North American Technologies Group Inc. Chairman Pat Long has been appointed chief executive officer, after former CEO Rod Wallace was fired in February because of alleged unauthorized use of company funds and irregularities in reimbursement requests.
NATG officials have hired an independent accounting team to investigate further, Joe Dorman, NATG's general counsel and chief financial officer, said in a March 6 telephone interview.
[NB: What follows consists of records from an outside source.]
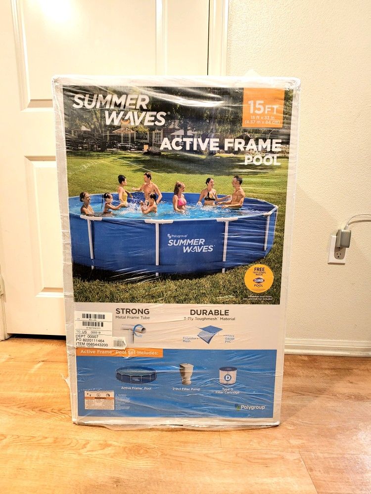 New 15 feet pool by summer waves NEW!! Size 15 feet x 33 inches included - strong metal frame PVC + steel - 3 layer durable polyester mesh - 2 in one filter pump - Type D filter cartridge Easy snap in design for quick setup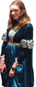 Julie lleva un vestido azul largo con un cinturón dorado y la parte de arriba de azul más claro. Tiene unos brazaletes de color azul claro con rayas azules oscuras y blanco en las mangas. | JULIE esta disfrazada de PRINCESA |
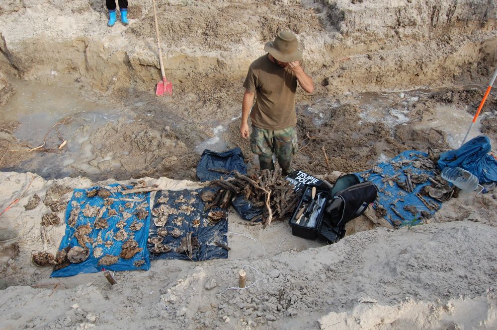 „Trupie pole”, archeolog Olaf Popkiewicz w czasie ekshumacji (2011) -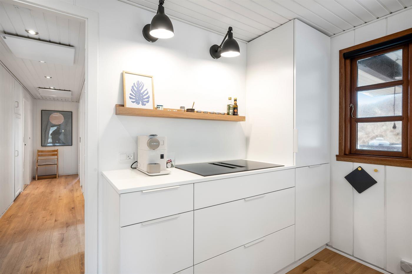 De keuken is uitgerust met koelkast Er is 4 inductiekookplaten, heteluchtoven, magnetron en vaatwasser.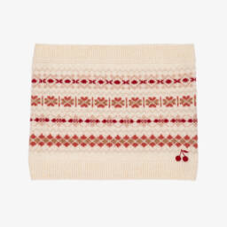 Beige snood for girls by luxury French brand Bonpoint, knitted in the finest Merino wool. Warm and cosy, it features the brand's iconic cherry motifs, a blue and ivory Fair Isle pattern and it has ribbed trims.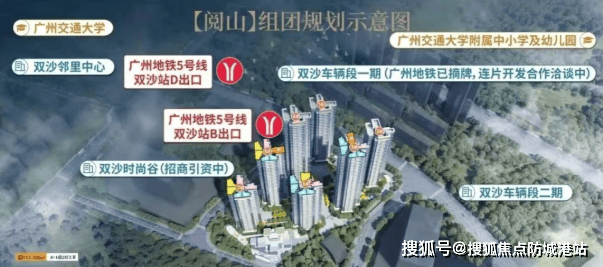 对于通勤族而言,时间就是效率,而这个项目恰好将“快”字做到极致。首开阅山组团距离地铁5号线双沙站B口仅约50米,真正实现“出家门即进地铁口”。乘坐5号线无需换乘,直达珠江新城、金融城等广州核心商务区;同时,项目距离13号线双岗站直线距离不足500米,未来还可通过7号线、4号线实现多线换乘,轻松覆盖琶洲、万博、科学城等新兴产业高地。
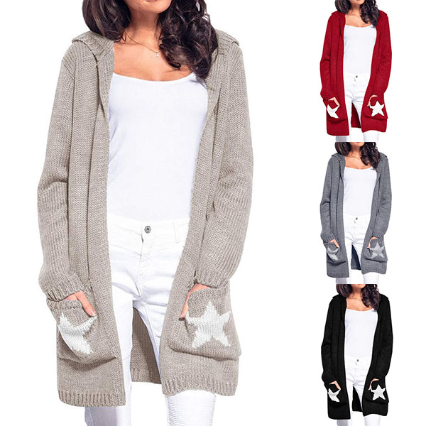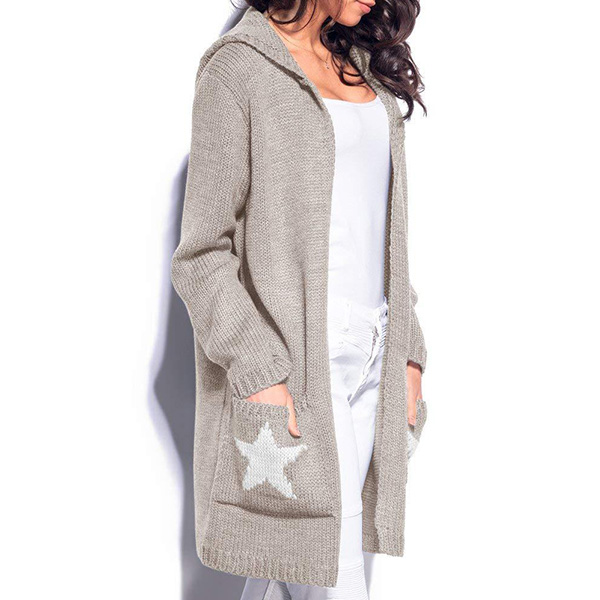 Hey,girls,you can greet the chilly autumn and winter with this knit cardigan. The pentagram pattern design

More details will be available once the investigation is completed, he said.
Dorman said Long is intimately familiar with the operations of the company and will do an effective job as CEO.
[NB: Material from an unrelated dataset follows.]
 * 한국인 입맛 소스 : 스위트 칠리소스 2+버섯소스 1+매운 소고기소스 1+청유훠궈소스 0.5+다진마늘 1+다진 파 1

NATG is the publicly traded holding company for composite railroad-tie manufacturer TieTek LLC of Marshall, Texas.
[Long] is here every day and directing major decisions and the course the company is taking at this point forward, Dorman said. [He] is very capable because he's been on the board and part of this operation for two or three years now.
Using a proprietary mix of recycled high density polyethylene, fiberglass, minerals and crumb rubber from used tires, TieTek can extrude hundreds of thousands of ties per year from its 200,000-square-foot plant in Marshall and its 50,000-square-foot plant in Houston.
Plastic ties are common in the rail industry, but have yet to emerge as the industry standard.
Despite being made from recycled products, their material and engineering costs make plastic ties about two to three times more expensive than wood counterparts.
Even a favorable lifetime-cost analysis cannot convince many railroad companies to buy the ties in high volumes. Railroad ties have nonetheless become a focal point for the structural plastic lumber industry.